*** Given data Section Begins ***

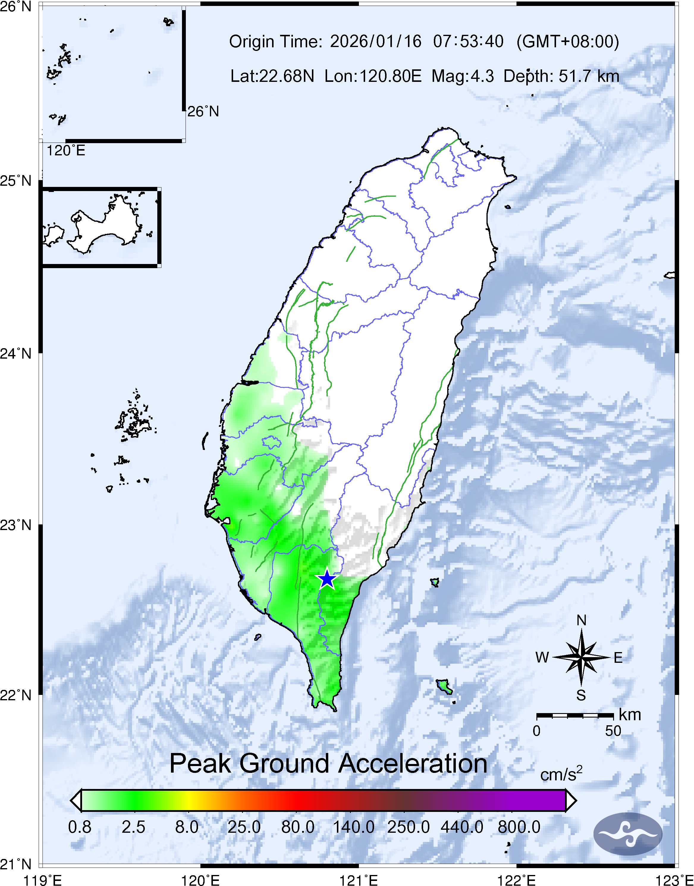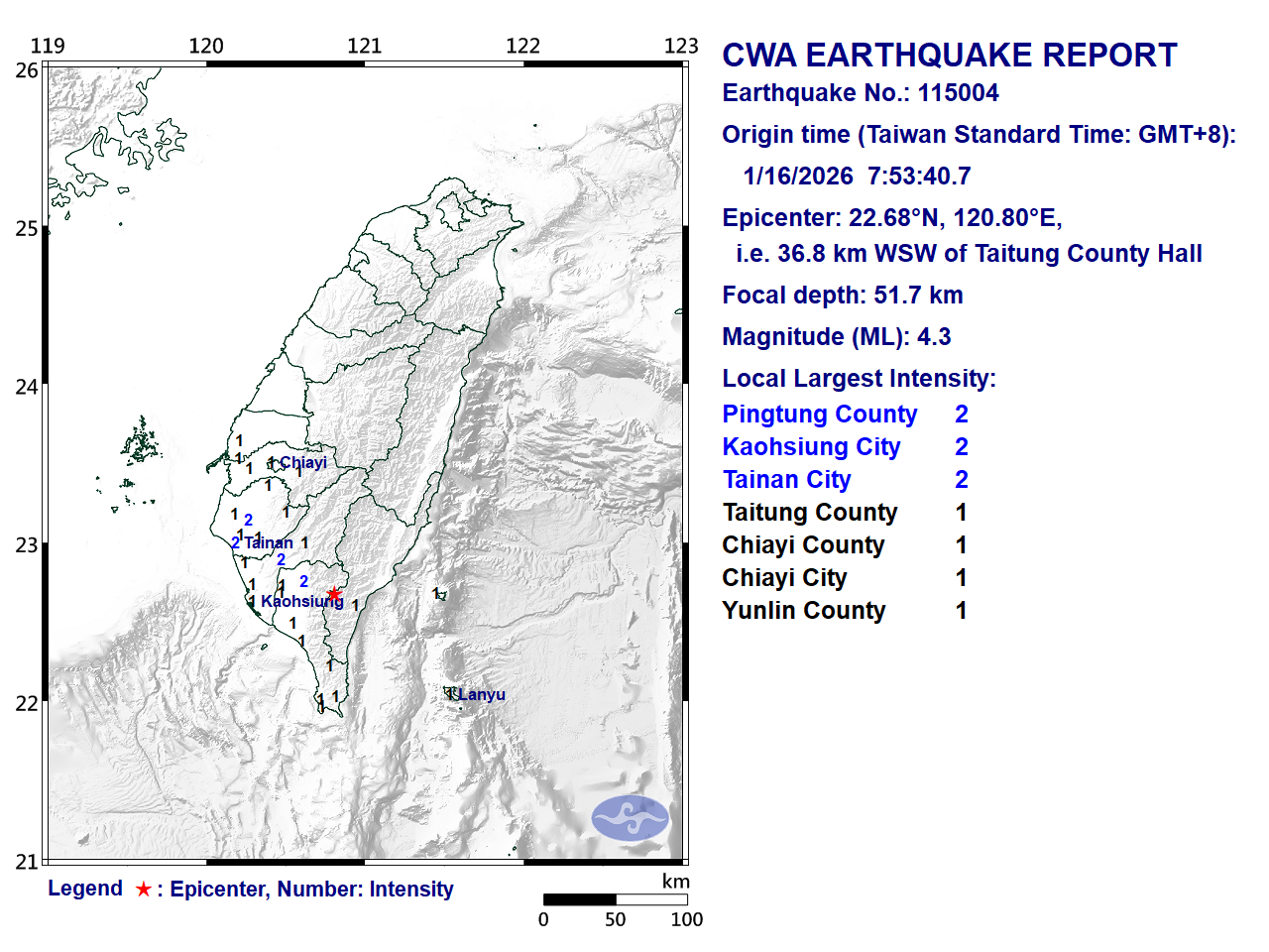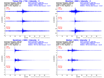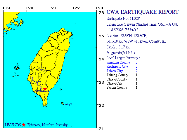 - Epicenter: 22.68°N, 120.8°E 36.8 km WSW of Taitung County Hall
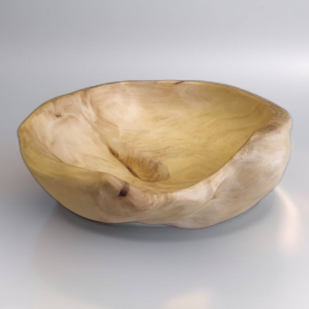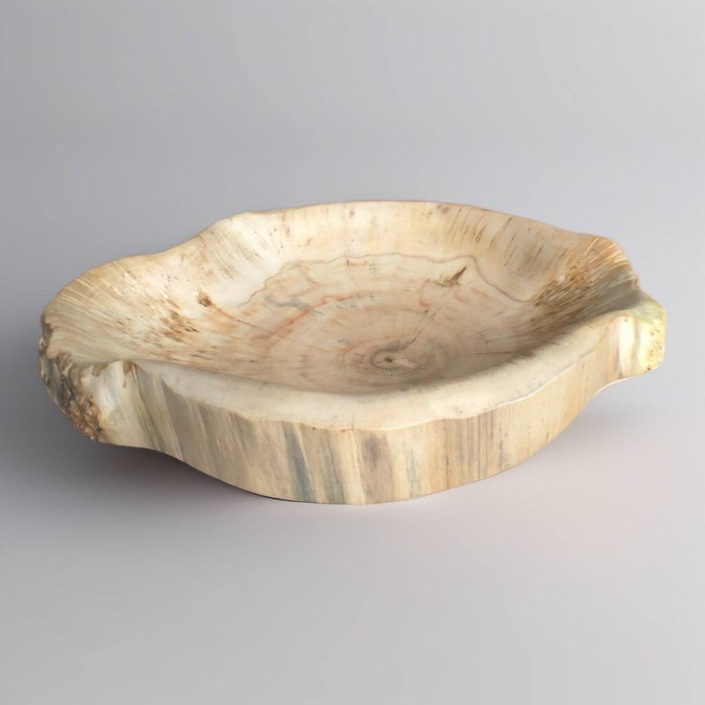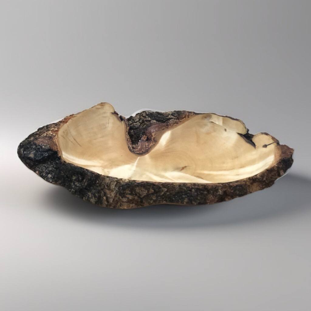 Кора сохранена почти по всему внешнему периметру, создавая ощущение цельного спила. Внутри — гладкая, тёплая поверхность с мягким рисунком. Чаша устойчива и самодостаточна.
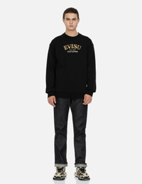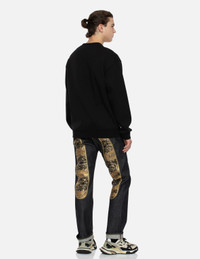 2EAHTM4JE701208DP The back of EVISU jeans features a prominent black and gold embroidered Daicock design, adorned with elegant crane motifs, showcasing the essence of Japanese aesthetics. The luxurious pattern exhibits rich layers and delicate coloration, adding a touch of grandeur and sophistication to the garment. - 2008 Regular Straight Fit - 99% Cotton, 1% Spandex - Crane embrodiery brocade Daicock - 12 oz denim - Button fly, 5 pockets - Godhead leather patch
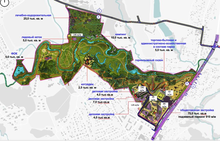 Парк построят в северо-восточной части поселения Краснопахорское в долине реки Пахра. На территории появится спортивный комплекс с ледовым катком, физкультурно-оздоровительным комплексом, горнолыжным склоном и с кэмпингом на 21 домик. В парке оборудуют велосипедные и пешеходные дорожки.
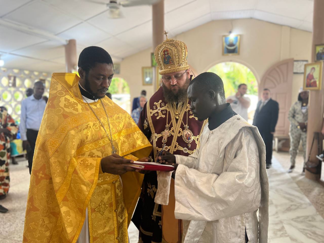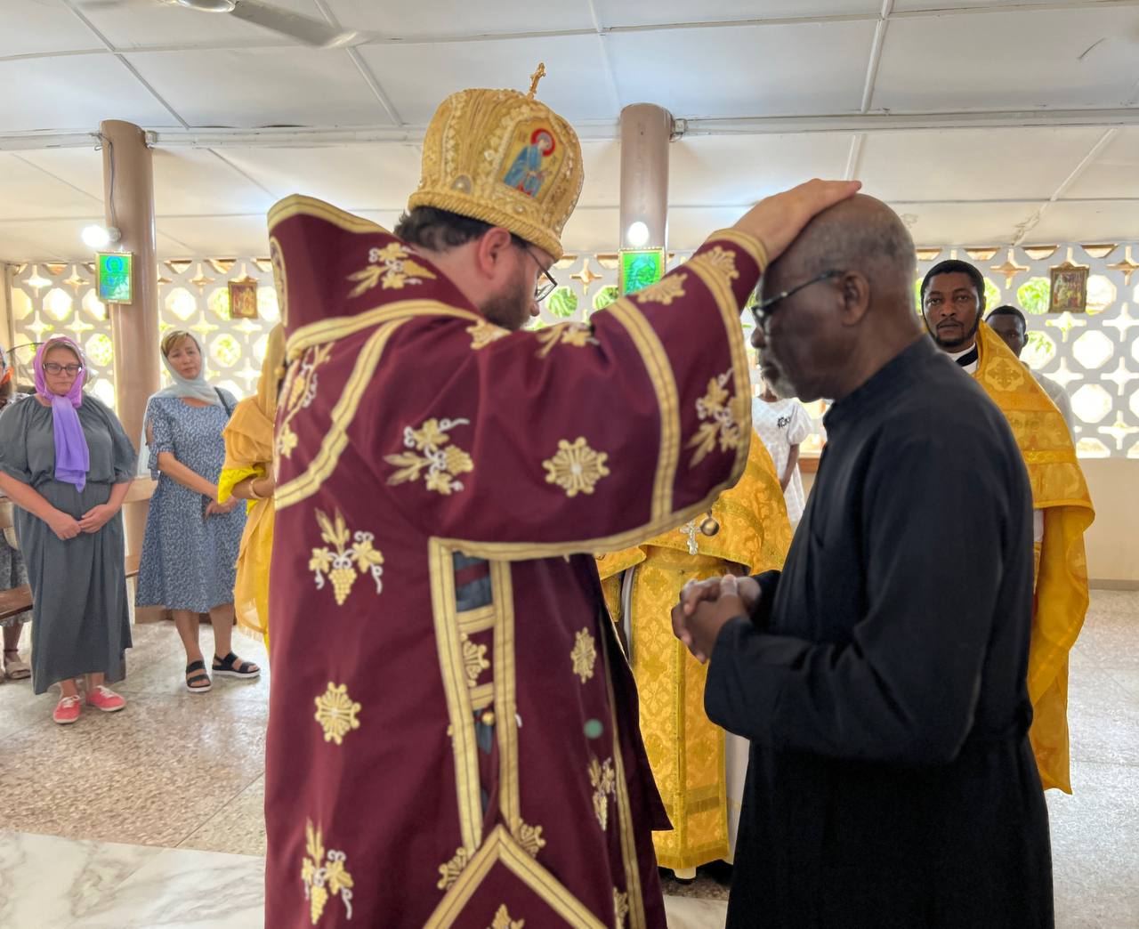 After the Great Entrance, Metropolitan Konstantin elevated deacon Christodoulos Ocheba from Uganda to the rank of priest.
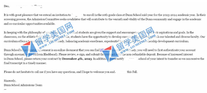 【录取喜报】恭喜留美网学子Y同学斩获邓恩中学Dunn School录取offer
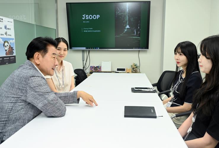 ‘기업하기 좋은 도시’를 그리는 김동근 시장은 7월 11일 가능동 소재 중소기업 ‘제이숲(Jsoop)’에 방문했다.
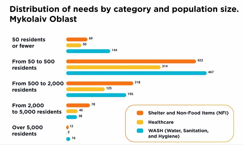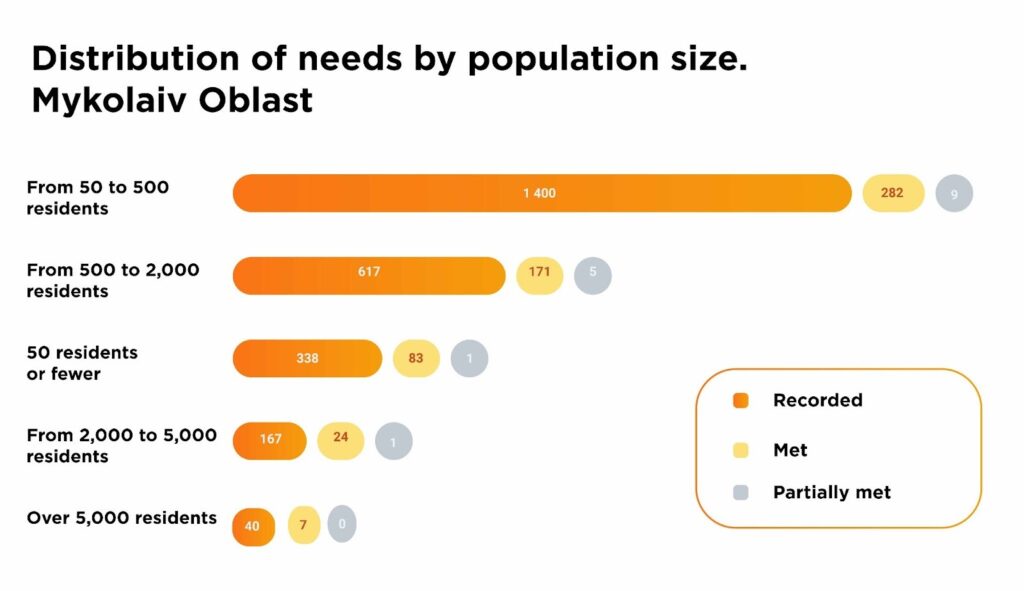 Significantly more needs were recorded in settlements with a population of 50 to 500 people, reflecting the larger number of settlements of this size in Mykolaiv Oblast.
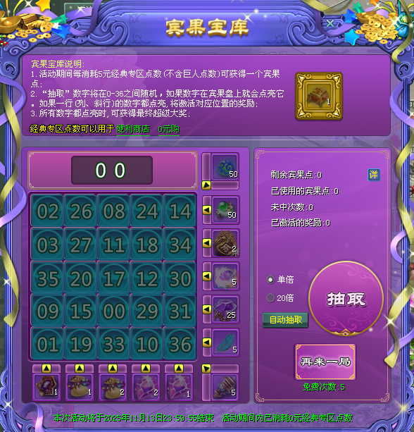 宾果宝库点亮数字形成一条直线(或对角线)即可领取对应奖励,点亮全部数字即可获得超级丰厚大奖——宾果宝盒!你今天的运气如何,还不快来宾果宝库试一下,今天最幸运的人,也许就是你哦!
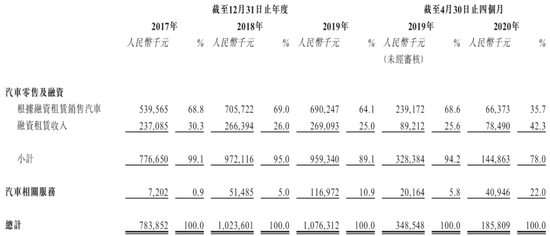 从收入构成来看,汽车零售及融资服务2017年至2019年的收入占比分别为99.1%、95.0%和89.1%;其中根据融资租赁销售汽车的占比超过6成。
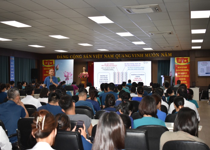 Giảng viên là BS Nguyễn Anh Hiệp – Giám đốc công ty phát triển dịch vụ khách hàng y tế đã chia sẻ về giao tiếp với người bệnh với từng vị trí của nhân viên y tế trong Bệnh viện.
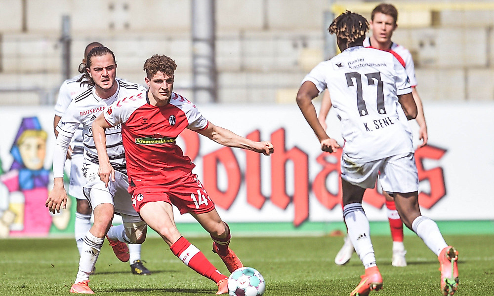 Zwar kam der FC Basel über den schnellen Aldo Kalulu zu einer weiteren Konterchance, bei der Keven Schlotterbeck noch zur Ecke klärte. Insgesamt bestimmte der Sport-Club aber weiter das Geschehen und hätte durch Schmid (19.), der an Torwart Felix Gebhardt scheiterte und bei einem Kopfball von Til (42.) schon vor der Pause erhöhen können.

*** Given data Section Ends ***

- **Exercise details**
Word for word, set down every record, keeping the images out.

- **Result for this task**
 - Epicenter: 22.68°N, 120.8°E 36.8 km WSW of Taitung County Hall
 Кора сохранена почти по всему внешнему периметру, создавая ощущение цельного спила. Внутри — гладкая, тёплая поверхность с мягким рисунком. Чаша устойчива и самодостаточна.
 2EAHTM4JE701208DP The back of EVISU jeans features a prominent black and gold embroidered Daicock design, adorned with elegant crane motifs, showcasing the essence of Japanese aesthetics. The luxurious pattern exhibits rich layers and delicate coloration, adding a touch of grandeur and sophistication to the garment. - 2008 Regular Straight Fit - 99% Cotton, 1% Spandex - Crane embrodiery brocade Daicock - 12 oz denim - Button fly, 5 pockets - Godhead leather patch
 Парк построят в северо-восточной части поселения Краснопахорское в долине реки Пахра. На территории появится спортивный комплекс с ледовым катком, физкультурно-оздоровительным комплексом, горнолыжным склоном и с кэмпингом на 21 домик. В парке оборудуют велосипедные и пешеходные дорожки.
 After the Great Entrance, Metropolitan Konstantin elevated deacon Christodoulos Ocheba from Uganda to the rank of priest.
 【录取喜报】恭喜留美网学子Y同学斩获邓恩中学Dunn School录取offer
 ‘기업하기 좋은 도시’를 그리는 김동근 시장은 7월 11일 가능동 소재 중소기업 ‘제이숲(Jsoop)’에 방문했다.
 Significantly more needs were recorded in settlements with a population of 50 to 500 people, reflecting the larger number of settlements of this size in Mykolaiv Oblast.
 宾果宝库点亮数字形成一条直线(或对角线)即可领取对应奖励,点亮全部数字即可获得超级丰厚大奖——宾果宝盒!你今天的运气如何,还不快来宾果宝库试一下,今天最幸运的人,也许就是你哦!
 从收入构成来看,汽车零售及融资服务2017年至2019年的收入占比分别为99.1%、95.0%和89.1%;其中根据融资租赁销售汽车的占比超过6成。
 Giảng viên là BS Nguyễn Anh Hiệp – Giám đốc công ty phát triển dịch vụ khách hàng y tế đã chia sẻ về giao tiếp với người bệnh với từng vị trí của nhân viên y tế trong Bệnh viện.
 Zwar kam der FC Basel über den schnellen Aldo Kalulu zu einer weiteren Konterchance, bei der Keven Schlotterbeck noch zur Ecke klärte. Insgesamt bestimmte der Sport-Club aber weiter das Geschehen und hätte durch Schmid (19.), der an Torwart Felix Gebhardt scheiterte und bei einem Kopfball von Til (42.) schon vor der Pause erhöhen können.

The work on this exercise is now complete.